From top to bottom, retype the data exactly, passing over any picture.

Entries taken from a collection
========

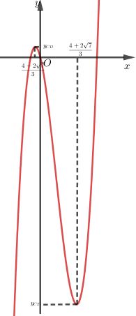 Hàm số đạt cực đại tại \(x = \frac{{4 – 2\sqrt 7 }}{3}\), đạt cực tiểu tại \(x = \frac{{4 + 2\sqrt 7 }}{3}\)
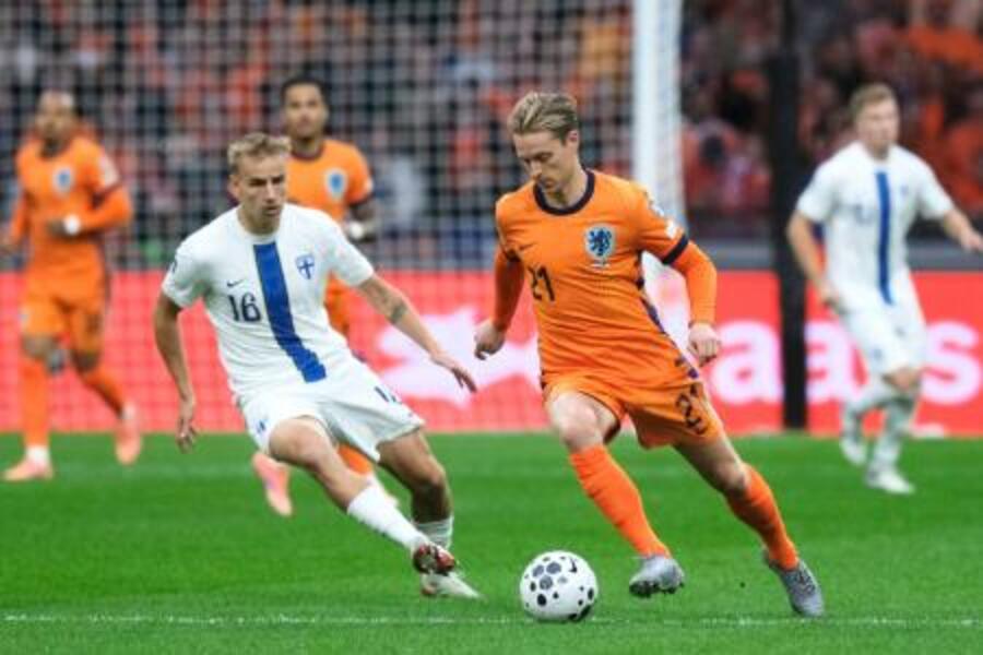 攻め込むオランダの選手(右)=12日、アムステルダム(AP=共同)
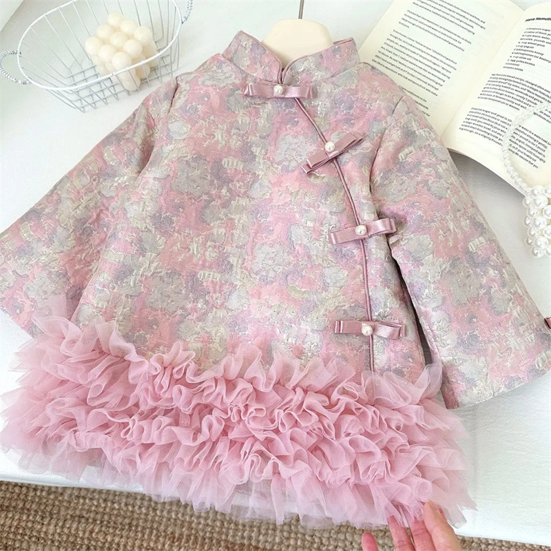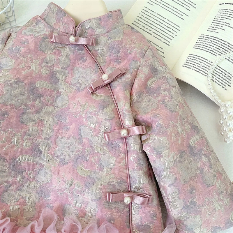 [Segundo en stock] niñas algodón intercalado doble cara vestido chino nuevo vestido de malla china cheongsam vestido de Año Nuevo infantil
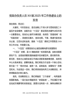 党政办负责人在XX镇2025年工作务虚会上的发言.docx
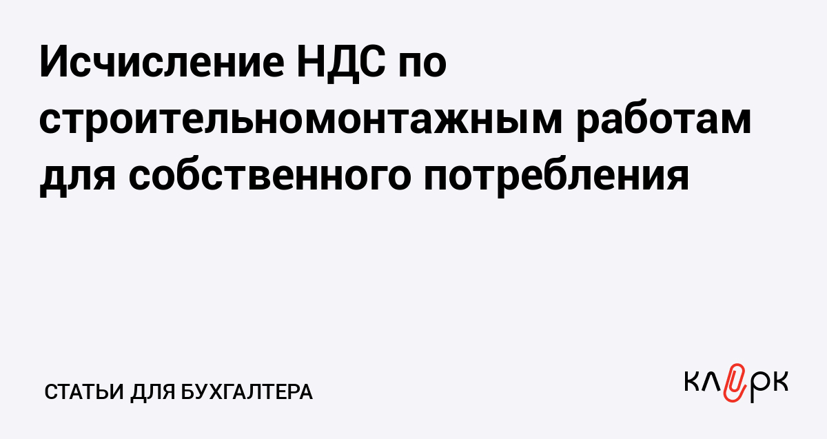 Исчисление НДС по строительномонтажным работам для собственного потребления
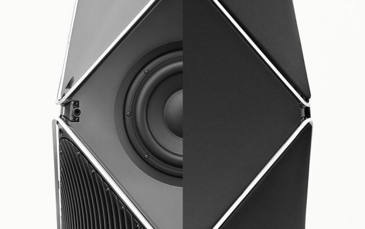 Hoparlör, akustik özelliklerinin yanında, modern ve heykelvari tasarımıyla mekana dekoratif olarak da hareket katacak bir estetiğe sahip.
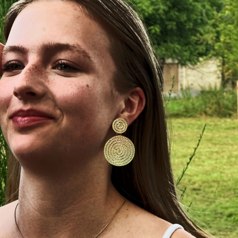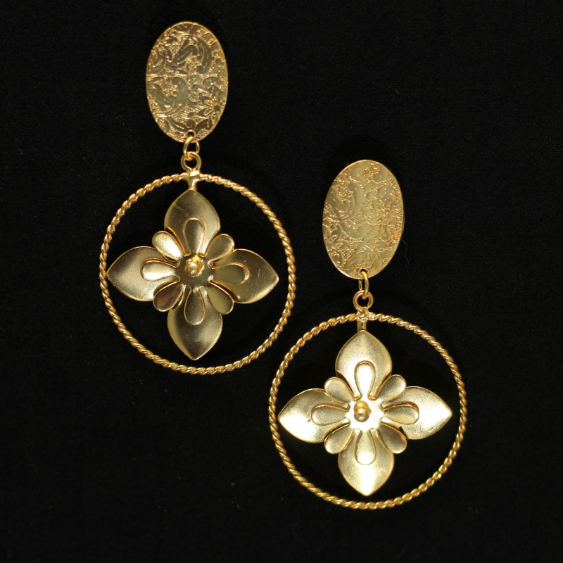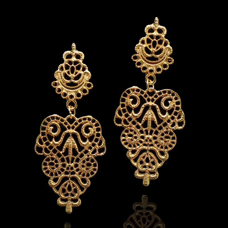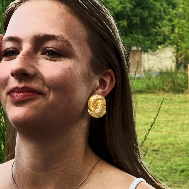 Diese vergoldeten Messing-Ohrringe beeindrucken mit ihrem kunstvollen Design. Sie kombinieren eine elegante Spirale mit verschlungenen herzförmigen Elementen und setzen so modische Akzente. Perfekt für schlichte, einfarbige Outfits und besondere Anlässe.
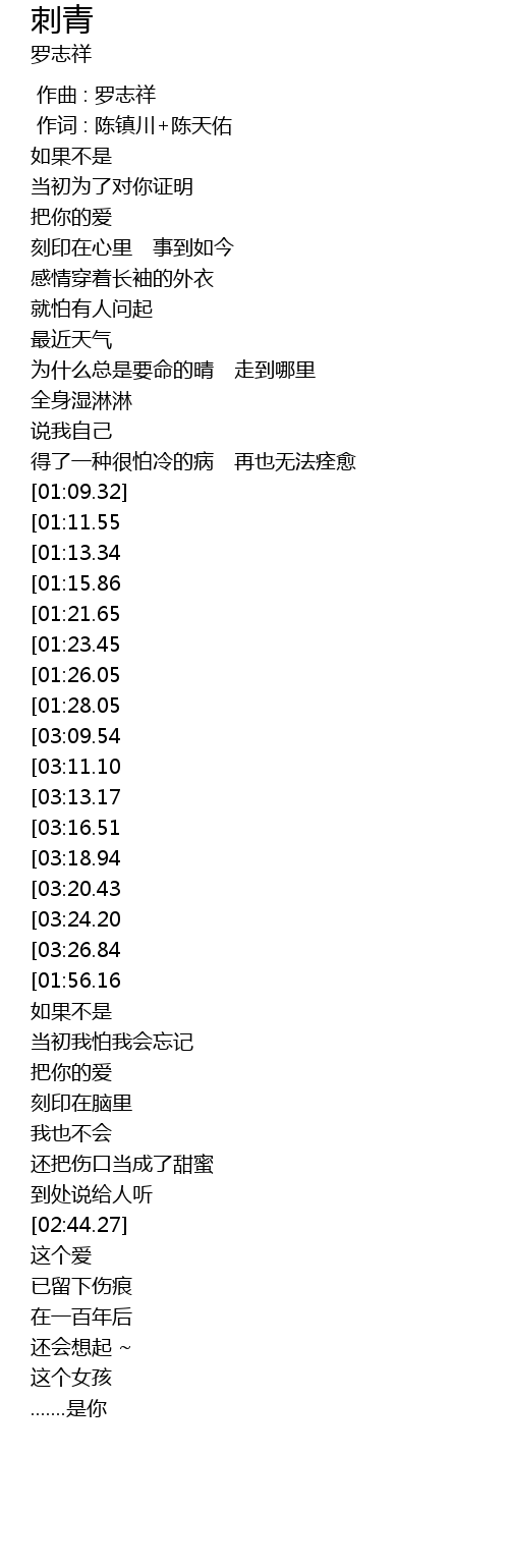 | [03:49.56][03:20.43][01:45.95] | 有一个你的刺青 |

========

RESULT OF THIS EXERCISE
 Hàm số đạt cực đại tại \(x = \frac{{4 – 2\sqrt 7 }}{3}\), đạt cực tiểu tại \(x = \frac{{4 + 2\sqrt 7 }}{3}\)
 攻め込むオランダの選手(右)=12日、アムステルダム(AP=共同)
 [Segundo en stock] niñas algodón intercalado doble cara vestido chino nuevo vestido de malla china cheongsam vestido de Año Nuevo infantil
 党政办负责人在XX镇2025年工作务虚会上的发言.docx
 Исчисление НДС по строительномонтажным работам для собственного потребления
 Hoparlör, akustik özelliklerinin yanında, modern ve heykelvari tasarımıyla mekana dekoratif olarak da hareket katacak bir estetiğe sahip.
 Diese vergoldeten Messing-Ohrringe beeindrucken mit ihrem kunstvollen Design. Sie kombinieren eine elegante Spirale mit verschlungenen herzförmigen Elementen und setzen so modische Akzente. Perfekt für schlichte, einfarbige Outfits und besondere Anlässe.
 | [03:49.56][03:20.43][01:45.95] | 有一个你的刺青 |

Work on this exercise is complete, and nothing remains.